My first day at the Digital Humanities at Oxford Summer School, which has been intense but very productive.

This morning’s introductory lecture by Dr Victoria Van Hyning on crowdsourcing initiatives and the rise of ‘citizen humanities’ really emphasised the combination of the digital tools and interfaces and human processing power for large-scale projects that benefit from the human intervention, such as transcription where the optical character recognition is limited or prone to error in manuscript. We were introduced to the global Zooniverse initiative, and the ways in which arts and humanities collections can become part of this work, which not only improves accessibility, but is also about building legacy tools for further research activity and teaching within and beyond the academy. 

I am enrolled on the ‘Hands-On Data Curation’ strand of the Summer School, which is led by the brilliant Elizabeth Wickes and Katrina Fenlon from School of Information Sciences at the University of Illinois at Urbana-Champaign. Although I have had general introductions to data processing before, as this something that we have been teaching on the Arts and Humanities in the Digital Age programme with our Consortium, there has been an advantage to spending longer today considering the workflow implications on dealing with data. At the end of the day produced a short piece of freewriting (7 minutes) to gather our thoughts (there is probably too much content to reiterate in this blog post).

One of the most important issues that struck me was the implications for pedagogy in the digital humanities, particularly around reinforcing the responsibility that comes with data curation. As my role is to support postgraduate research students, I have often noticed that we have become very goal-oriented in our consideration of the PhD (there has to be an impressive output), and for the digital humanities this might also take the form of a dataset or method and tools that others would use.

What I have learnt today, is to look more closely at the different representations that we generate through data, and what these representations means for other communities of users.

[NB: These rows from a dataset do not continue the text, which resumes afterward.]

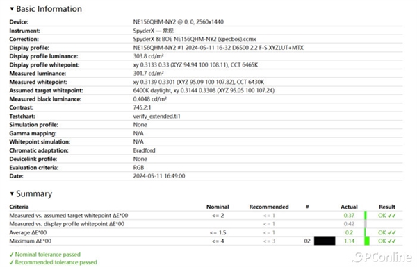 七彩虹隐星G1524屏幕来自于京东方,软件识别型号为NE156QHM-NY2,使用校色仪对屏幕进行测试,实测色域覆盖为94.2%sRGB,使用亮度仪实测屏幕中心区域最大亮度为336尼特。
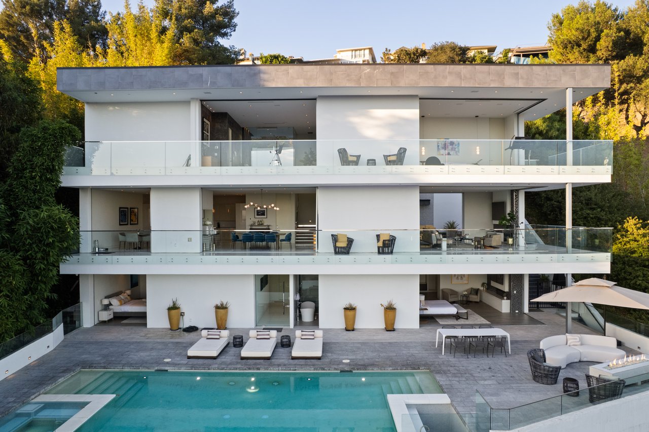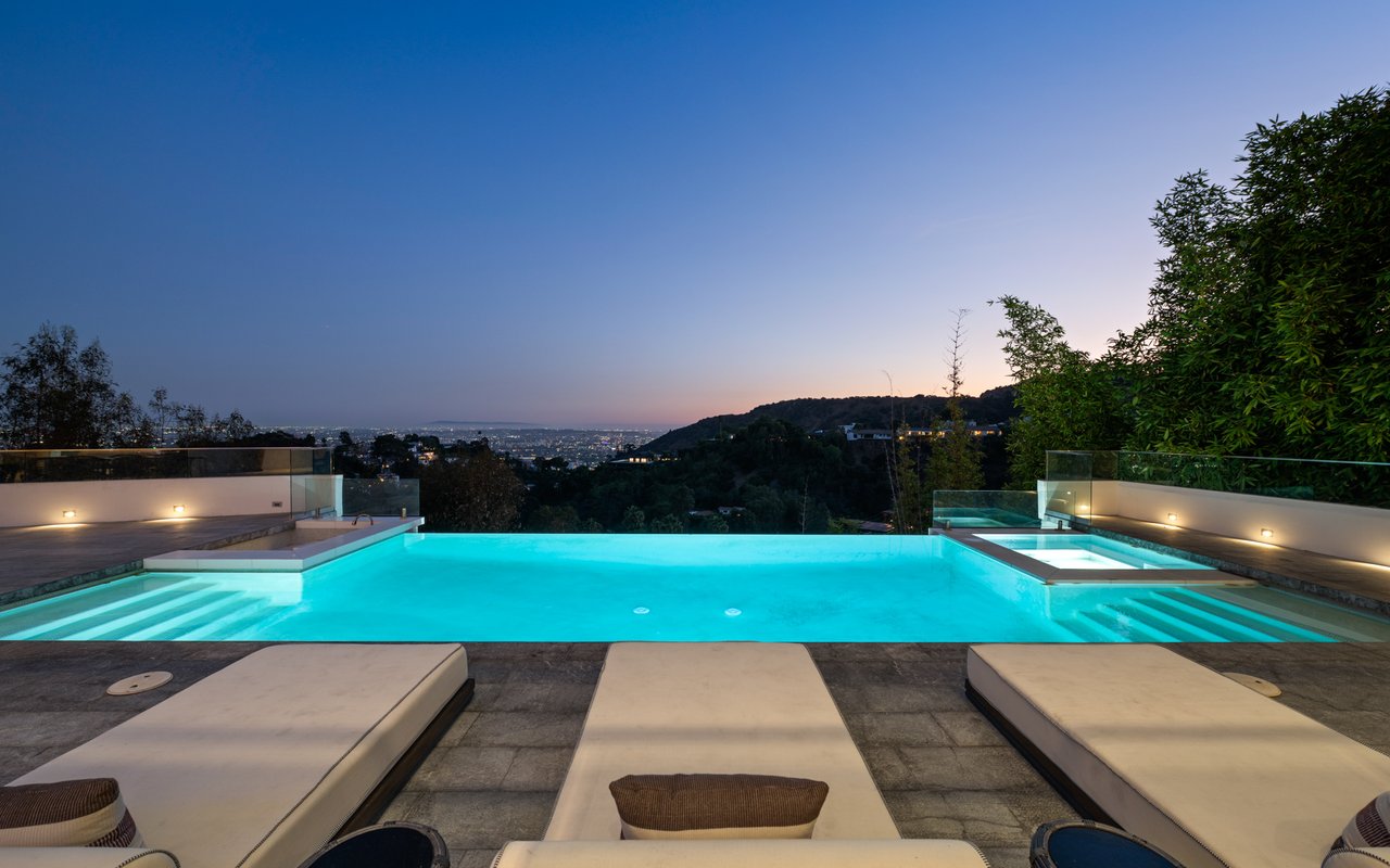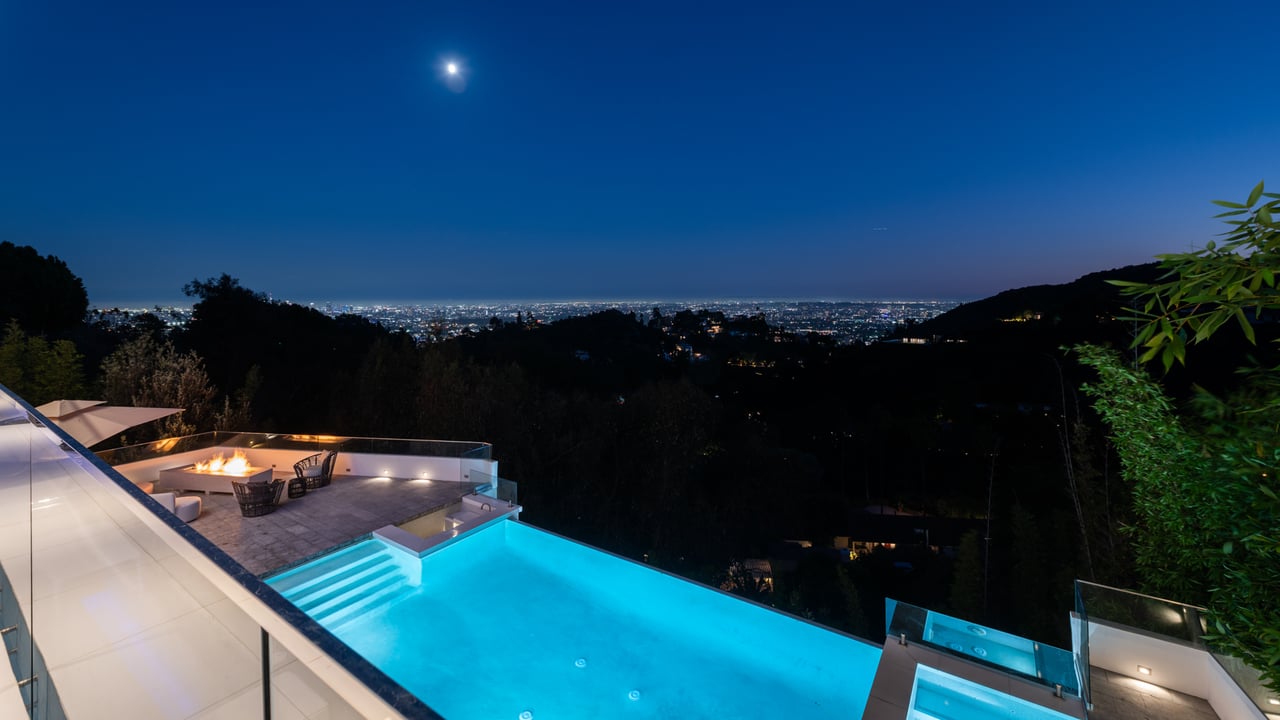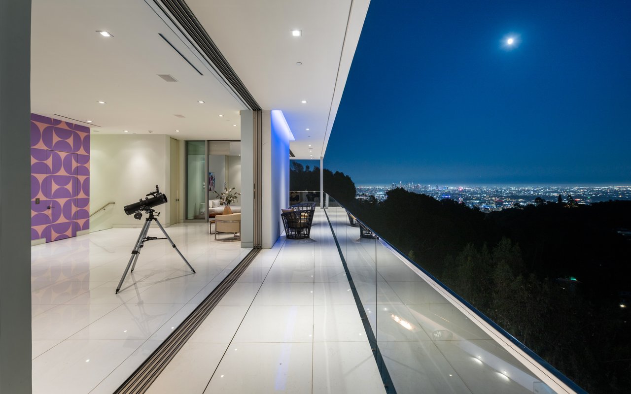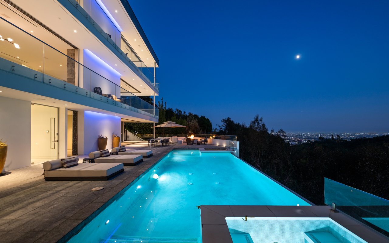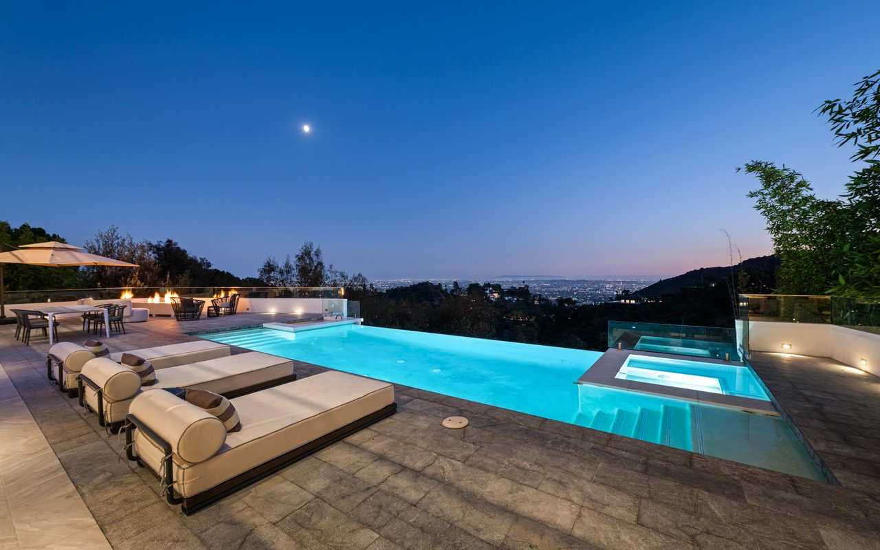 Set at the end of a private, gated drive, this architectural masterpiece offers unparalleled privacy and sweeping panoramic views stretching from Downtown LA to Catalina Island. Featuring three levels of seamless indoor-outdoor living, the home boasts polished white marble floors, floor-to-ceiling glass walls, and stunning vistas from every room. The first level includes a spacious lounge and luxurious bedroom suite. A floating staircase leads to the second level, where a chef's kitchen with high end appliances, custom European cabinetry, indoor/outdoor dining areas, and a private guest suite await. The lower level is a true retreat with two additional bedrooms, including a master suite with direct access to a resort-style infinity pool and swim-up bar. Expansive patios, lounging areas, and a cozy fireplace complete this extraordinary home, designed to captivate and elevate your lifestyle.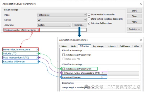 但是在cst 2024版本中仅包含1阶utd,而cst 2025版本中对utd的设置做了加强,用户可以自由的控制射线行为。本文我们就介绍下utd的这三个参数对射线行为的影响。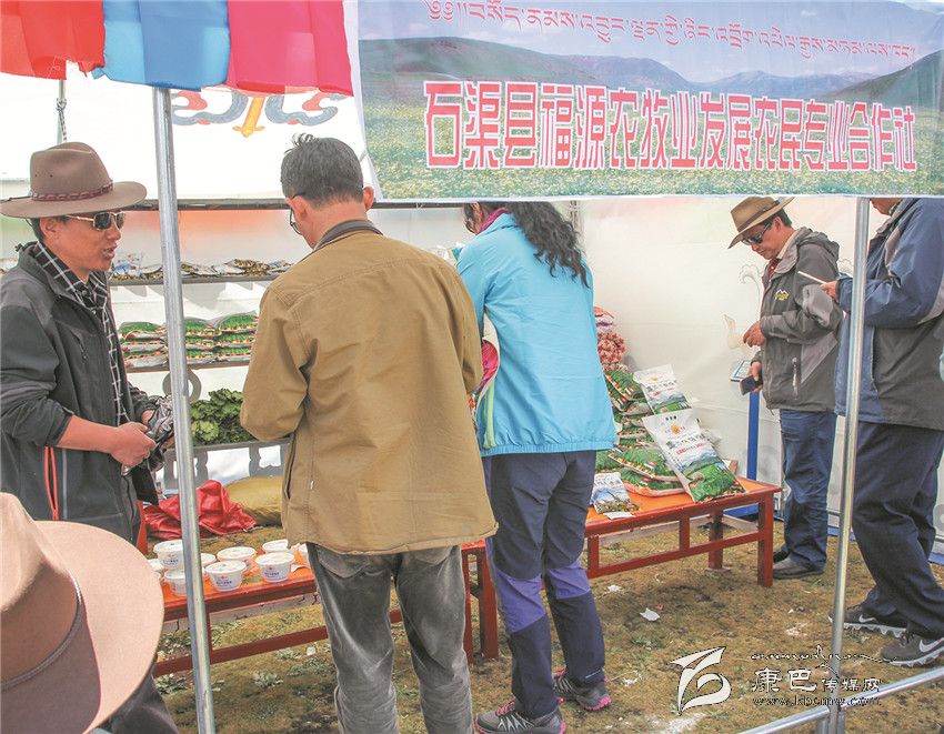 8月3日是石渠縣帳篷節(jié)的最后一天,清晨的陽光透過炊煙傾灑在草原千余頂帳篷上,40多歲的藏族漢子嘎戎從生活區(qū)的帳篷里出來,走向不遠的太陽部落帳篷商貿(mào)城集市。那里安扎著400多頂帳篷,有商戶370家,周邊還有50多個流動的小商販。嘎戎所在的石渠縣福源農(nóng)牧業(yè)發(fā)展農(nóng)民合作社就是其中的一家參展商。從帳篷節(jié)開始,嘎戎就和其它5個人輪流值守這個他們倍加珍惜的展位,那是他們合作社自今年4月份成立至今第一次在如此重大的場合中露面,經(jīng)過這次檢驗,他們對自己的產(chǎn)品更加有信心。駐真達村第一書記祝修濤告訴記者,短短一個星期,合作社展售的糌粑、人參果、奶渣近2000斤,銷售額達4萬多元。這個農(nóng)民專業(yè)合作社以扶貧為己任,從建設(shè)種植基地到水磨房加工投入了200多萬元,全村50戶村民參與,合作社將原料統(tǒng)一發(fā)給村民加工,再統(tǒng)一收起來,統(tǒng)一包裝銷售。祝修濤說,社里的產(chǎn)品剛開始只是在當(dāng)?shù)爻鍪?,雖然投入大但產(chǎn)量不敢做大,這次有這個平臺得到了市場的認(rèn)可,他們對合作社的發(fā)展充滿了信心。祝修濤,作為該村的第一書記,他要帶領(lǐng)著這個合作社好好規(guī)劃、大干一場。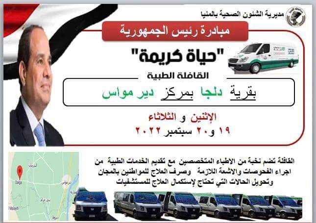 تنظم مديرية الصحة في المنيا، بدءا من غدا الاثنين، قافلة طبية علاجية في قرية دلجا التابعة أداريا لمركز ومدينة دير مواس، جنوب المحافظة، على مدار يومين متتاليين19 و20 من سبتمبر الجاري، وذلك في إطار الاهتمام بمواطني المحافظة، وتقديم الخدمات الطبية وصرف العلاج لهم بالمجان.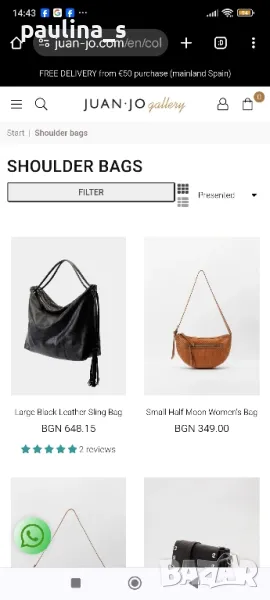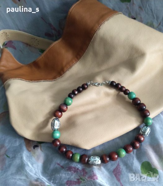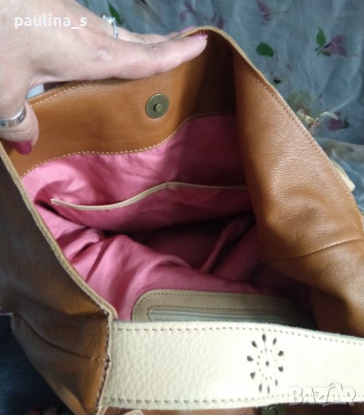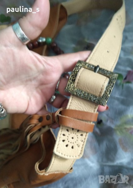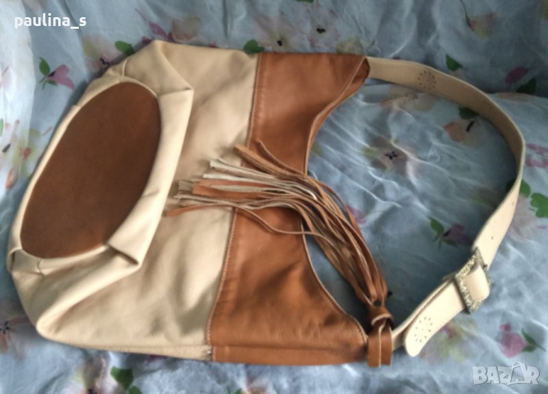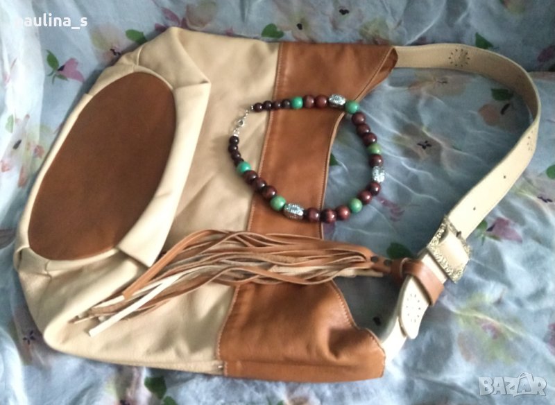 1️⃣ . Винтидж! - "Juan Jo". Рядка находка, Естествена кожа, ръчно изработена! Цената е крайна 264,99лв / 135 евро. Много удобна и красива дамска чанта тип торба за през рамо, с магнитно закопчаване. Дизайнерски артикул, ръчна изработка. Има една преграда, вътрешен джоб с цип, два големи джоба за смартфон. Декорациите са от ресни и пера, носена е два-три пъти, но се нуждая от парите и я продавам на 1/3 от цената. Колието е от сандалово дърво и се подарява, също е бутикова селекция. 41см / 32см / 16см дъно / 53см дръжка.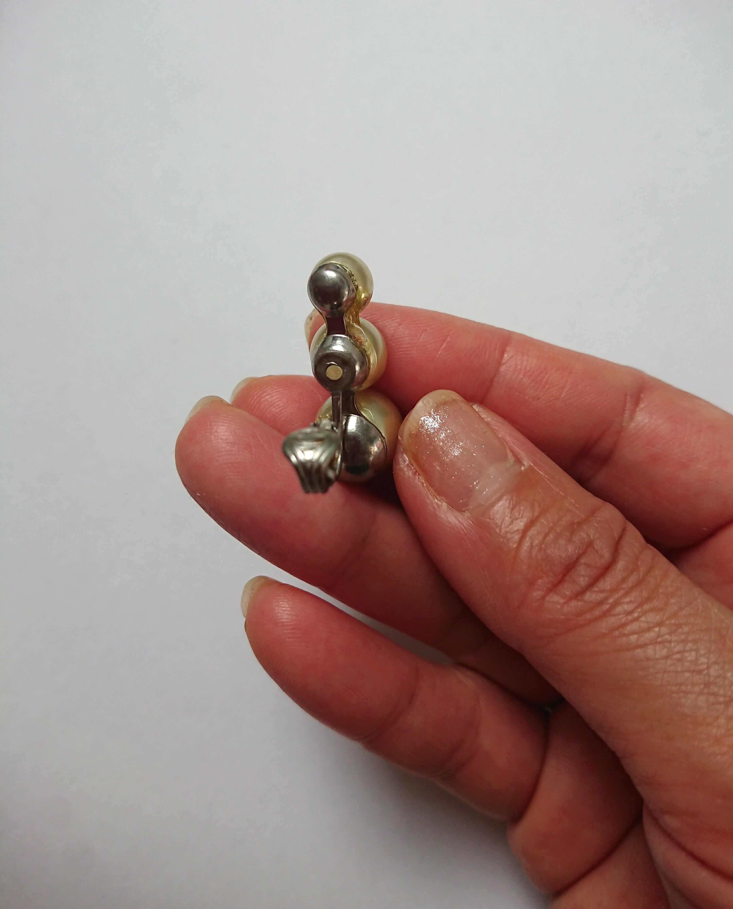 シルバーメタルにホワイトパールビーズが三連重なり合うデザインがとても素敵なイヤリングです。

The most challenging activity, which in some ways seemed simple, was to examine an Excel spreadsheet of ‘messy’ data and try to come up with a structure in the form of headers that we could agree on that would capture the data most effectively. The fact that it was so difficult to agree on ways of representing an individual’s name, how to treat dates, when the raw data were so varied and incomplete made us realise just how important it is to develop clear questions and purposes for your data - to better understand it before doing anything with it.

For research students entering the world of digital humanities, there is great value in exploring different ways of structuring data - different models - all with different possibilities and limitations. The key is being able to document these and come to a decision without succumbing to a sort of paralysis, always thinking ‘Is this the right approach to take?’

Exploration, experimentation, documentation and reflection may be vital in helping digital humanists to have a more secure footing in the shifting sands of digital academe, and also in maintaining an openness not just in terms of data, but also attitude - a curiosity that is so vital to take work forward, rather than shutting down possibilities.

It is now time to sign off. We are going to the welcome drinks at the Weston Library, and will be treated to the research posters!